The second image, a wood engraving, is entitled “Scene on the River Planitza from a sketch by Hervé.” I’m honestly unsure where this is supposed to be…

wordsworth_planitza_p340Hervé, incidentally, was an English artist and author commissioned to create portraits of the leaders in the Greek War of Independence. He wrote a book about his travels, but there are only a couple of drawings in it, including one of Argos, and he spends more time talking about the snakes and dogs of Greece (“Another of the offensive objects in Greece consists in the dogs…”) than about Argos or the Argive countryside. I really need to track down his lithographs, despite his less than charitable views on early modern Greece (e.g., “the Greeks are so totally destitute of any idea of the art of painting” or “The mixture of rich luxury with primitive barbarism [in their clothing] is worth of remark” although he does say that men from Hydra are “particularly good looking” — useful information, I guess).

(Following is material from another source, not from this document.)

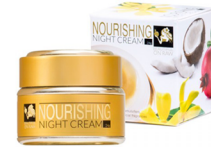
Nourishing Night Cream (22g) $26.00

At any rate, it’s interesting that the first sketch includes a bridge over the river; in our survey we weren’t able to detect any traces of old bridges. It’s something that I meant to follow up on with some of the men in the village who have an enormous wealth of local knowledge that they’re interesting in sharing with me, but in the rush to finish up all of our work, I never managed to ask them. Next season!

 


3 thoughts on “Some old images of the Inachos river valley

  1. Dimitri,

    The church in the first image is interesting, since there’s only one standing church (that we know of) to the south of the Inachos. If we assume that this image is from the southwestern edge of the survey area where the river really narrows at Plati Pigadi it would confirm my guess as to where there might be a bridge as well.

    Pretty cool.

    Bill

  2. Yeah, of course! I was confused about that church and wondered if it was inserted to add some charm, but you’re right, it does look like the narrows between Lyrkeia and Kapareli, in which case the church would be the old Ayioi Theodoroi. Neat.